Data listing »
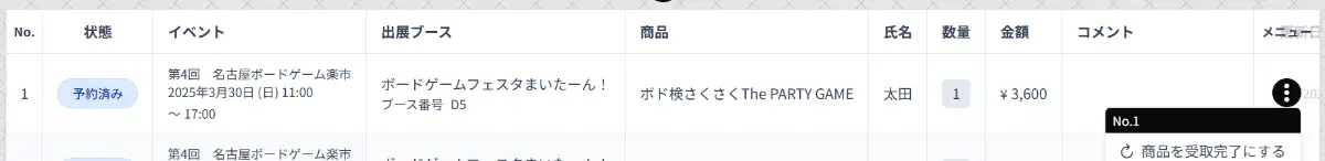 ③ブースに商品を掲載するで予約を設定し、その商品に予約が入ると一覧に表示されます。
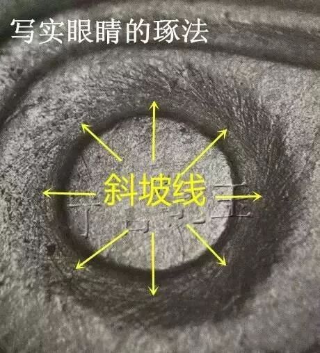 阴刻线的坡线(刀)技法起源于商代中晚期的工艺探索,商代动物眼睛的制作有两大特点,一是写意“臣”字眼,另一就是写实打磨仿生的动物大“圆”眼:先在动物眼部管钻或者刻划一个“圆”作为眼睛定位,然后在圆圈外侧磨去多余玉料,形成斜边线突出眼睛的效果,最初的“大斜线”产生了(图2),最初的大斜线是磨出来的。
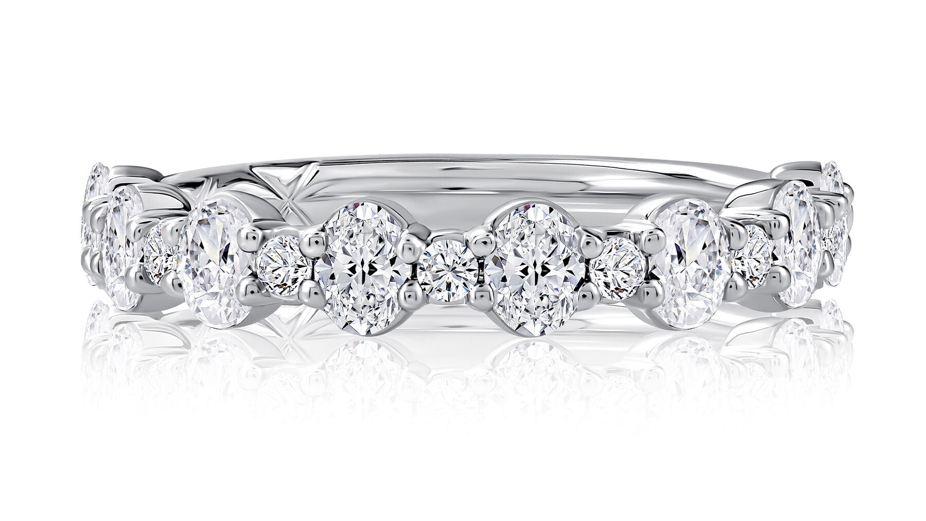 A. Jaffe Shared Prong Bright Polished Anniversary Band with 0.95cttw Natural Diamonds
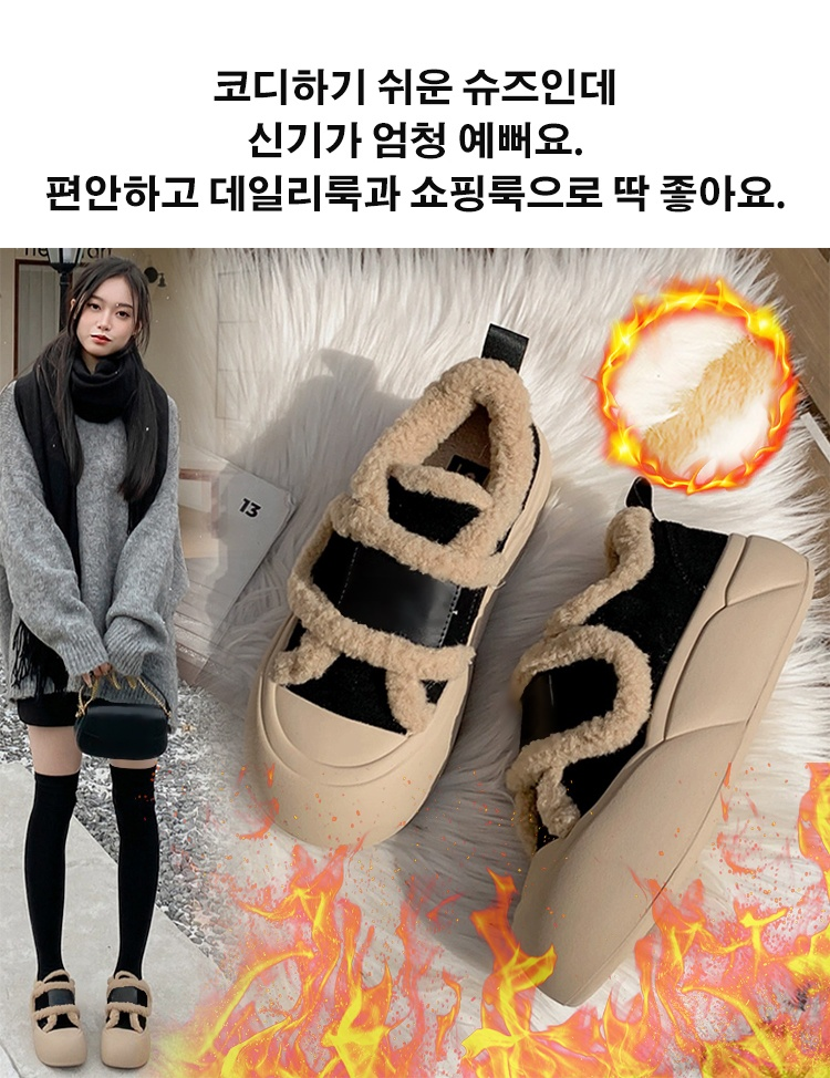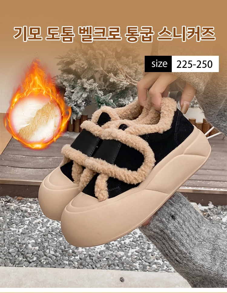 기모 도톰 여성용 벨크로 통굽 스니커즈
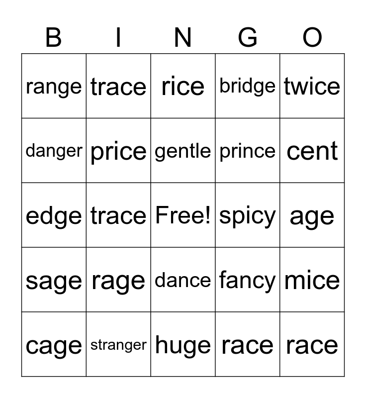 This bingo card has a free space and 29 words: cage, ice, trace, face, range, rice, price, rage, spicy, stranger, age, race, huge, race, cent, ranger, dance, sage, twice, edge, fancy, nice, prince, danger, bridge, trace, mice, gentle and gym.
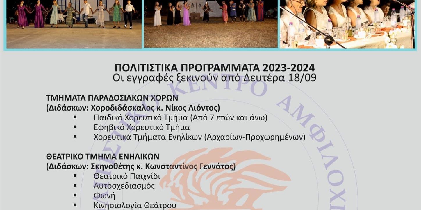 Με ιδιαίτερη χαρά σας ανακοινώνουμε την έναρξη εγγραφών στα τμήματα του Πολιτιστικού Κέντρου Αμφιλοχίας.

Aim of the task » Begin at the line containing "A. Jaffe Shared" and write out every line to the end of the data exactly. Skip the pictures.

Task output »
 A. Jaffe Shared Prong Bright Polished Anniversary Band with 0.95cttw Natural Diamonds
 기모 도톰 여성용 벨크로 통굽 스니커즈
 This bingo card has a free space and 29 words: cage, ice, trace, face, range, rice, price, rage, spicy, stranger, age, race, huge, race, cent, ranger, dance, sage, twice, edge, fancy, nice, prince, danger, bridge, trace, mice, gentle and gym.
 Με ιδιαίτερη χαρά σας ανακοινώνουμε την έναρξη εγγραφών στα τμήματα του Πολιτιστικού Κέντρου Αμφιλοχίας.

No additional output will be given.